I think that the Bible is divinely inspired. But, over the hundreds of years the Bible as been around, it has been changed and edited by humans. It is filled with human error and additions that come from the countless editions that have arisen since its conception. I don't understand how you're that confused about what I was saying.
Then it's not divinely inspired. Perhaps you're saying it once was and is no more? I don't understand how
you're confused here. Is the bible as we know it today divinely inspired or not? Is it trustworthy or not? You seem very clearly to be saying it is not divinely inspired nor trustworthy.

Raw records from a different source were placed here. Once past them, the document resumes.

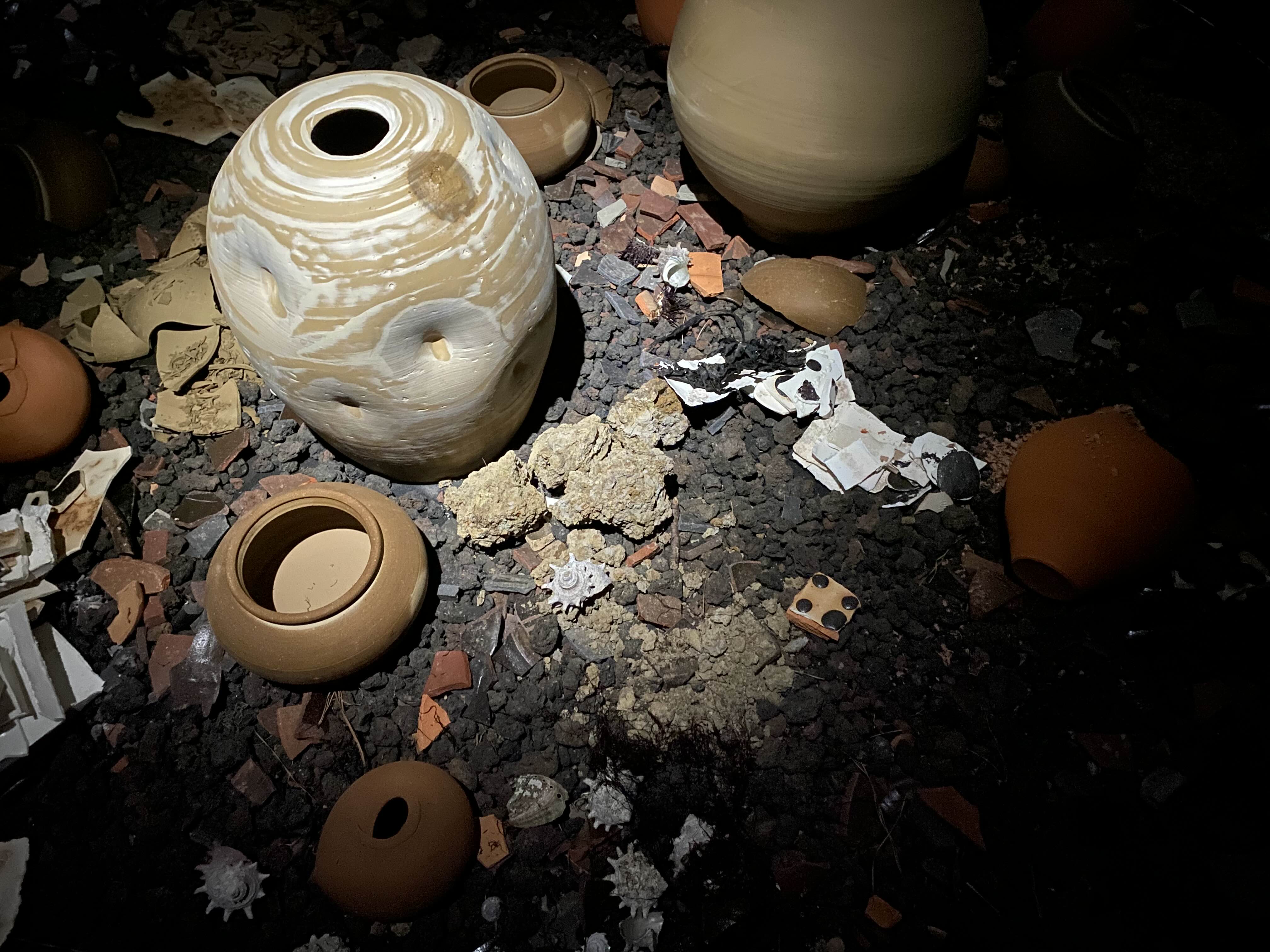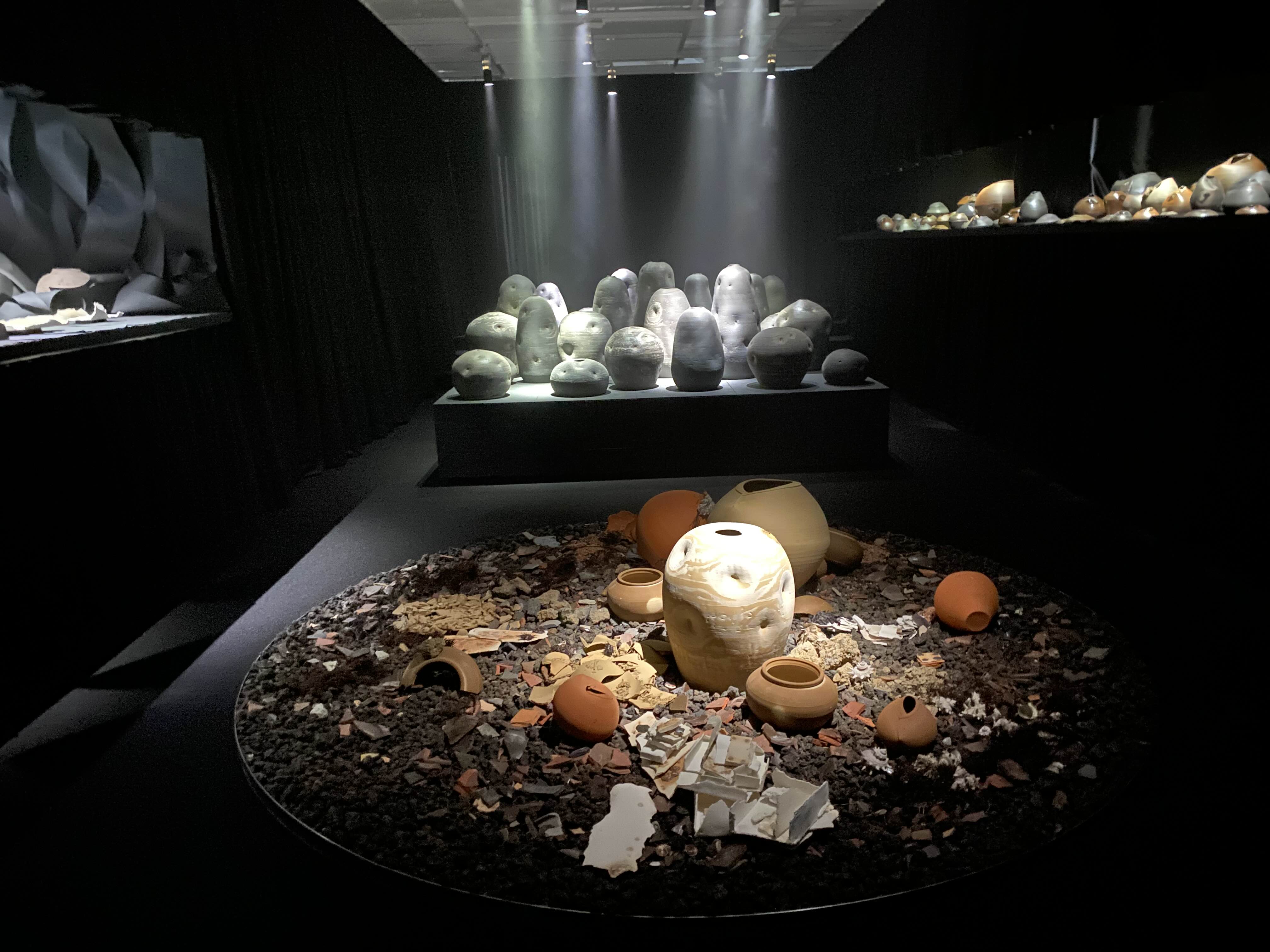 이번 프로젝트는 우란문화재단 소장품인 김창호 작가의 질그릇에서 시작되었다. 프로젝트를 위해 만난 김창호 작가는 저장 용기로써의 옹기 제작뿐만 아니라 이전 세대 옹기장에게서 받은 영감을 자신의 옹기 작업에 조형적인 요소로 치환하는 작업을 하고 있었다. 이러한 옹기는 쓰임의 틀을 벗어나 작가의 내면으로부터 발생하는 리듬적 행위와 만나면서 독특한 조형을 품게 된다. 반면, 김경찬 작가는 쓰임에 대해 지속적으로 고민해 왔다. 그는 플라스틱 등 간편한 그릇의 등장으로 명맥이 끊어질 뻔한 제주옹기에 대한 실질적인 대안으로써 현재의 미감을 반영한 기(器)를 만들고 있었다. 그가 만든 사물은 지금의 생활에서 쓰임으로써 현 시간과 관계를 맺고 존재하게 된다. 정김도원 작가에게 작업은 하나의 온전한 ‘존재’였다. 그는 쓰이거나 쓰이지 않는 것을 크게 중요시하지 않으며, 작업의 시간을 함께한 존재들 속에서 의미를 발견해 작업으로 녹여 냈다.
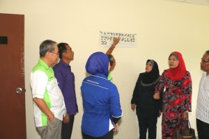 The Minister of Community Development & Consumer Affairs Sabah (YB Datuk Hjh Jainab DSP Hj Ahmad Ayib), Head Wanita UMNO Sabah (Datuk Armani Hj Mahiruddin), Sabah Welfare Department’s Director (Mr Ethong Terang), Sandakan District Welfare Office’s Officer (Mr Dominic Chong) and guests being briefed by Taman Cahaya’s Supervisor on Braille writing during their visit on 27th September 2014.
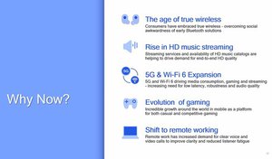 クアルコムのチャップマン氏は、Snapdragon Soundがローンチされる背景には、普及が勢いよく進む左右独立型完全ワイヤレスイヤホンを中心に、スマートフォンとワイヤレスオーディオ製品による体験向上をアピールする好機は今だからである、と説いている。
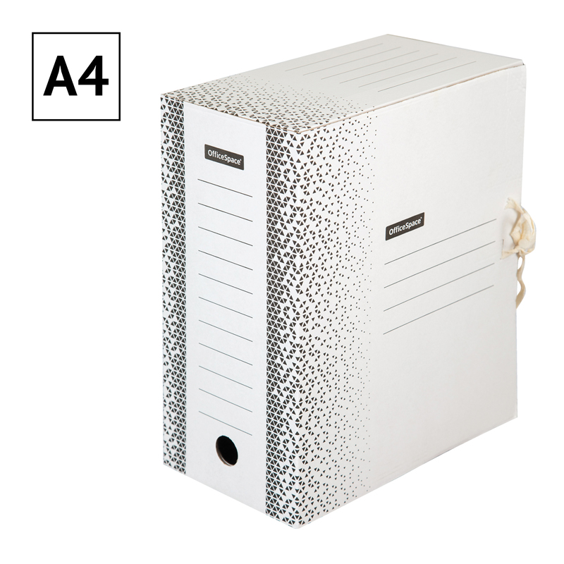 Папка архивная на завязках OfficeSpace серии Standard формата А4 идеально подойдёт для хранения большого объёма документации. Товар изготовлен из микрогофрокартона белого цвета. Наличие 2-х завязок обеспечивает дополнительную прочность. Она обеспечивает максимальный доступ к документам при раскрытии. Прочная конструкция и стандартизованный размер позволяют хранить документы вертикально и горизонтально на стеллажах или в архивных коробах. На лицевой и боковых гранях имеются поля для маркировки. Размер папки: 320*260*150 мм, ширина корешка: 150 мм. Вместительность: 1400 л.• Формат: А4;
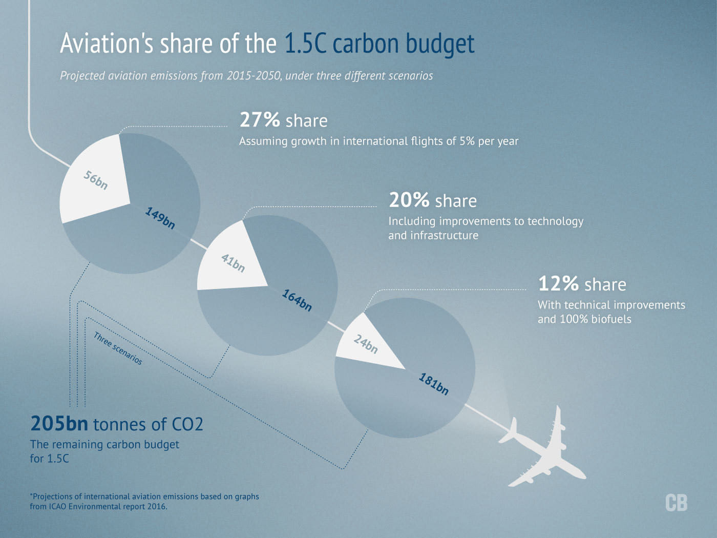 But the airline industry is fighting back with a promise that a new generation of planes will halve emissions by 2050. It says the annual 860 million tonnes of CO2 the industry currently generates is only 2% of world emissions.
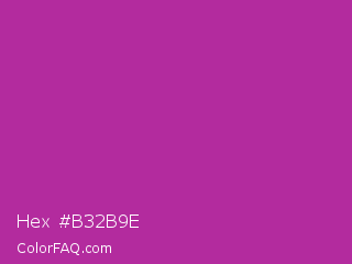 Hex #b32b9e Color is a normal magenta color and the nearest color is Byzantine #bd33a4. Hex code #b32b9e and RGB value is rgb(179,43,158). In RGB color space, this color is composed of 70% red, 17% green, 62% blue, In CMYK color space, this color is composed of 0% cyan, 76% magenta, 12% yellow , 30% black , In HSL color space, this color has a hue angle of 309° , 61% saturation and 44% lightness.
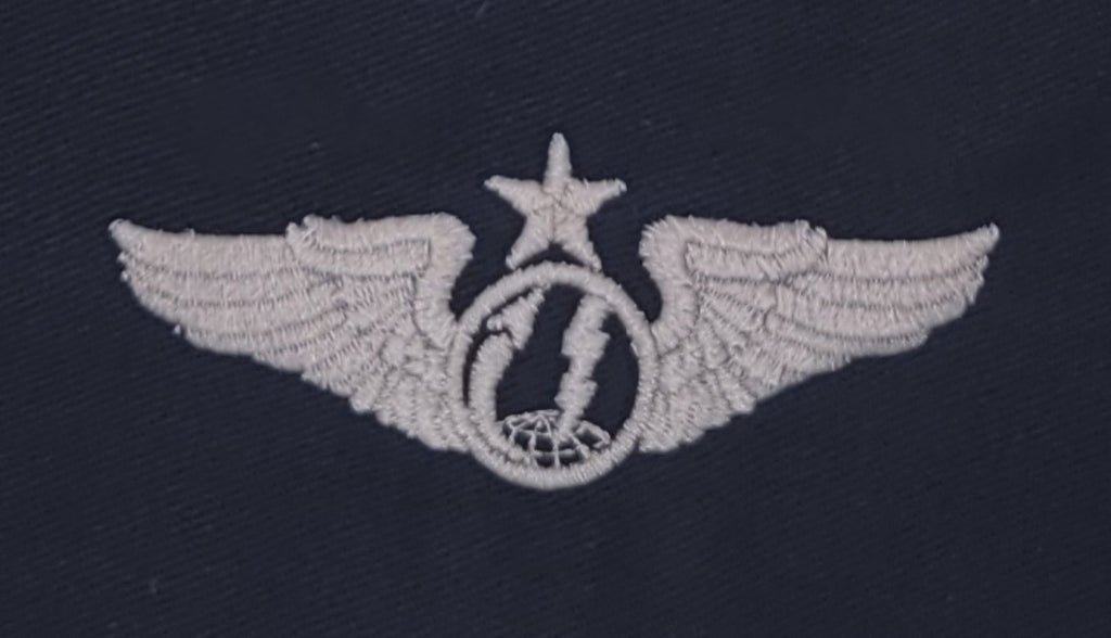 Air Force senior Remote Pilot cloth wings embroidered in silver on dark blue background. For wear on BDUs, ABUs and cap field uniform.
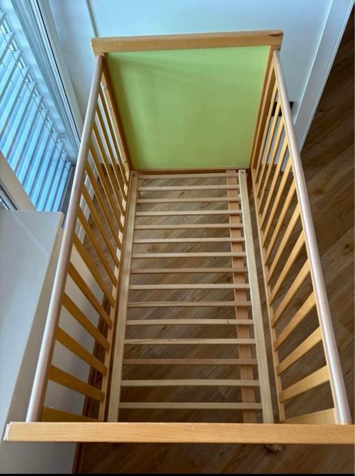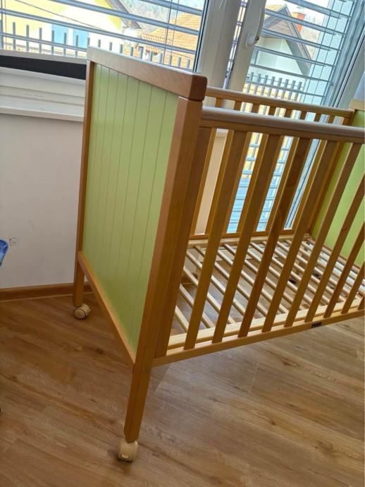 otroska posteljica na koleščkih , 120x 60, 3 nastavljive višine, zelo lepo ohranjena. slovenski proizvod.
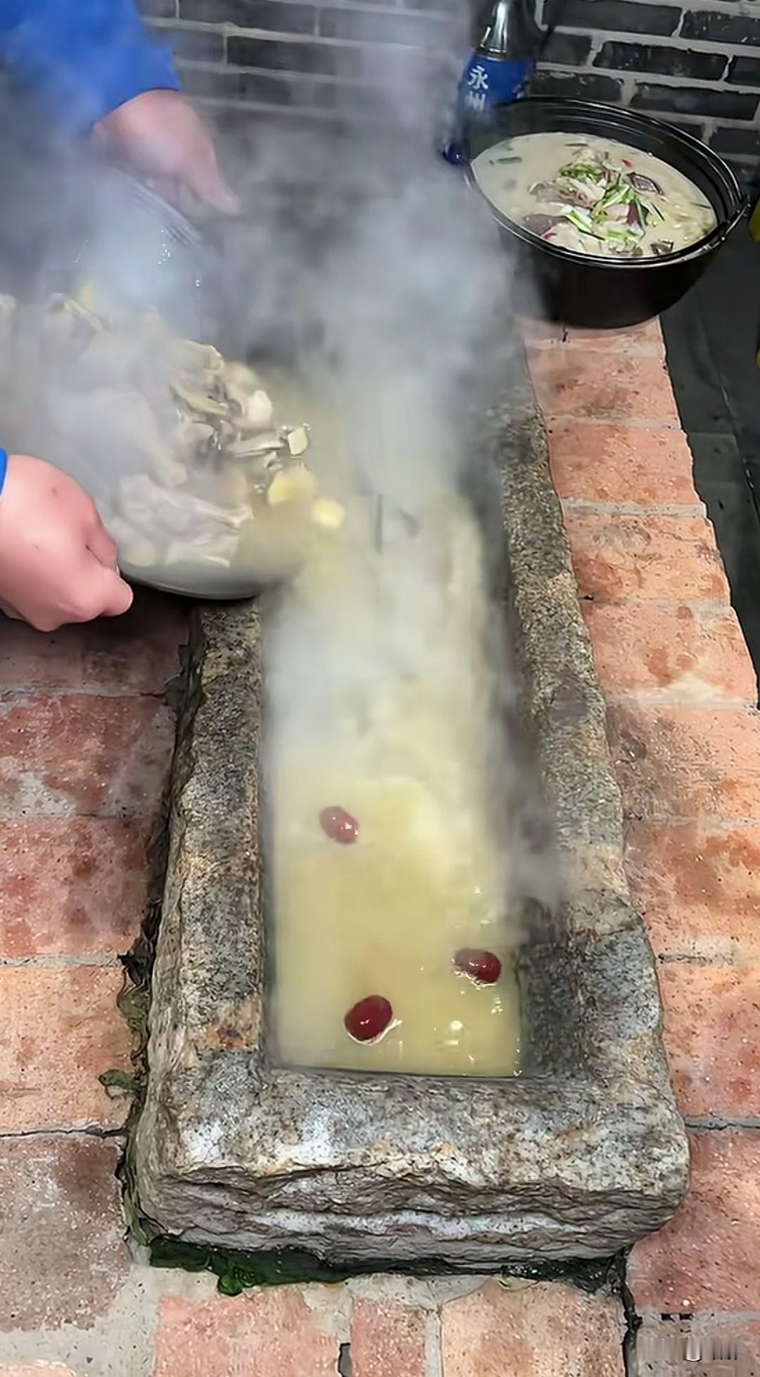 万万没有想到!石槽火锅确实是别出心裁!石槽,一种长方体石头槽子,在过去生产队时期,经常用来盛料喂牛、马、驴、骡,猪等动物的器具,在今天又焕发了青春!当然,人用的石槽比以前小很多,人的饭量怎么能和这些动物相比? 在天寒地冻的季节里,几个狐朋狗友一起吃上一顿火锅,那该是多么的美妙!一锅热气腾腾的火锅做好了,由厨师端着走到一个洗的干干净净的猪食槽子那里,先用一个大舀子舀到石槽子里一些,等锅里的汤少点了的时候,再全部倒进石槽子里,然后手里的舀子挥了几下,那一帮男女就像饿狼似的冲了上来,各自把汤肉舀到碗里,津津有味的吃了起来。这么些人围着一个石槽一起吃,真是别有一种意境,更有一种奇特的味道!真是难以言表!妙不可言! 现在的大多数人,干着繁重的活,拿着徽薄的工资,整天忙忙碌碌,累死累活,钱也没有多挣!很多打工人自己戏称自己为“牛马”,“牛马”当然有牛马的一种生活,石槽火锅果然不负众望,昂然出世,令人发指的是它竟戳中了很多人的痛点,让人跃跃欲试,一试之后,欲罢不能!石槽火锅最懂“牛马”! 有人以为,人己经脱离了动物界,成了文明一簇,动物用过的食具,人岂能用?这有什么,洗干刷净,也不觉得怎么排斥!以前有人把煮熟了的水饺倒在桌子上吃,现在又有人把火锅倒在石槽中吃有什么不可以?都是“师兄弟”啊!寇可往,我亦可往! 在我们国家,美好的发明者和污暗的发明者都没有上线和下线的!哎!
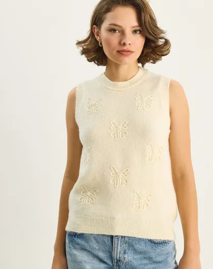 Pull sans manches à col roulé mi/long avec détails en pierre crème
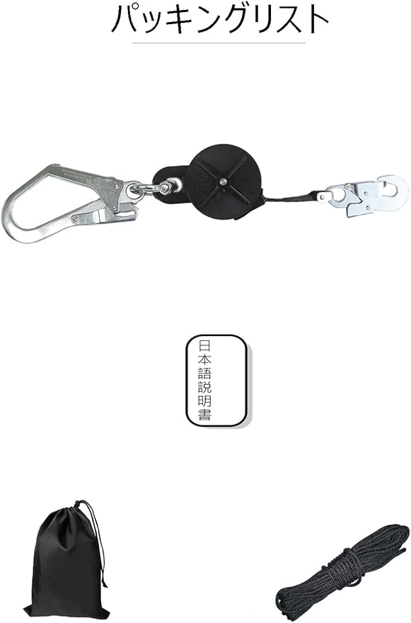 [Ulmior] 安全ブロック 3.4m 墜落防止装置(仮設用) 衝撃吸収 巻取式安全ブロック 昇降用 安全ブロック 昇降墜落防止装置 引寄せロープ 取り付き説明書 収納バッグ [安全帯 落下防止 電気工事 高所での安全作業] | KAZESHOP

You can't have it both ways. If it is the divinely inspired word of God then your attempts to reconcile it with science (or anything else) make no sense. You should be reconciling science and everything else with
it instead, if anything at all.
If it is
not the word of God...then your attempts to reconcile it with science
still don't make any sense. Why bother?
As I've said, if you accept the bible as the word of God then it simply trumps science. What science says about the age of the earth is notable, certainly, but still suspect when it so clearly is contradicted by the plain language of scripture. Comparing the two the best you can do is make a reasonable supposition that perhaps the "days" in the Genesis account might mean something other than the standard "day". But I would think you'd expect science to have established the age of the earth beyond any argument at all before you feel compelled to bend scripture to fit it.
I'm not understanding your need to have the bible be the divinely inspired, trustworthy word of God
and simultaneously so filled with human error that it must be bent to fit what science tells us. Science that, if you'll recall the very nature of science, is likely to change completely what it tells us at any time.